There continues to be a lot of uncertainty regarding what the future of the economy and labor market will look like in 2023.
To recap:
- Unemployment remains low, despite higher interest rates. In fact, over the last six months of 2022, the unemployment rate never exceeded 3.7%. In January of 2023, it fell even further to 3.4%.
- Labor force participation rates remain below pre-pandemic rates, which was already low.
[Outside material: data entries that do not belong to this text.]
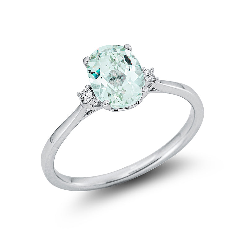 Ring 18 kt WG, 2 Brill. 0,04 ct, TW-si, 1 Amethyst 1,22 ct grün
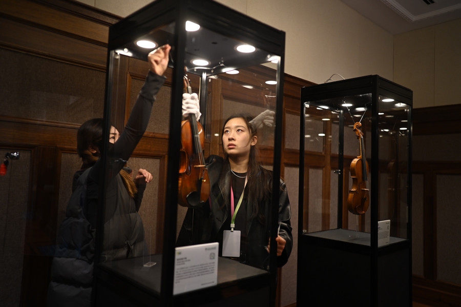 “中外提琴珍品艺术展”是“春之琴韵 爱乐之都——上海之春国际提琴文化周”重磅展览之一。制琴师、上海音乐学院副教授薛彭说:“61件中外名琴在上海集中展出,十分难得。这些名琴在‘变老’的过程中,有专业的制琴师和演奏家进行保养和调整,现在大多保持着良好的状态,其中一些名琴依然可以演奏,发出穿越时空的声音。”
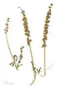 Однорічна або дворічна трав'яниста рослина. Сильно розгалужена пряма трава 30–50 см заввишки. Листя представлені ланцетними листочками, іноді майже лінійними 3–5 мм завдовжки. Маленькі квіти 2–3 мм з жовтими віночками. Плоди — загострені стручки 2–2,5(-3) х 2(-2,5) мм з 1–2 насінням, майже кулясті або яйцеподібні широкі, жовтувато-коричневі, темно-коричневі або зеленуваті. Насіння 1,5–2 мм, яйцевиде, горбкувате. 2n=16

Neither high inflation nor high interest rates are driving people back to the labor force as expected.
- Even in the face of recession fears and announcements of layoffs from the media at the end of 2022 and at the start of 2023, government data continue to consistently report low levels of layoffs and higher levels of voluntary quits, implying that employers in general were not implementing mass layoffs, nor were workers afraid to still consider opportunities outside of their current job.
- Given all this, inflation remains high, despite the pressure of higher interest rates to bring it down, and with inflation running high, the Feds aren't likely to ease interest rates anytime soon...
- Which means the likelihood of a soft landing is fading, but with the labor market still strong, a hard landing doesn't appear imminent either.
- Therefore, it appears we're looking at a no-landing scenario for now.
The labor market and economy will continue to be confusing well into 2023, possibly beyond. But hopefully, with a better understanding of the factors contributing to the various scenarios, companies will be prepared to make the best decisions for their business and their employees.
Afterall, the labor market remains tight and there is still a lot of work to be done.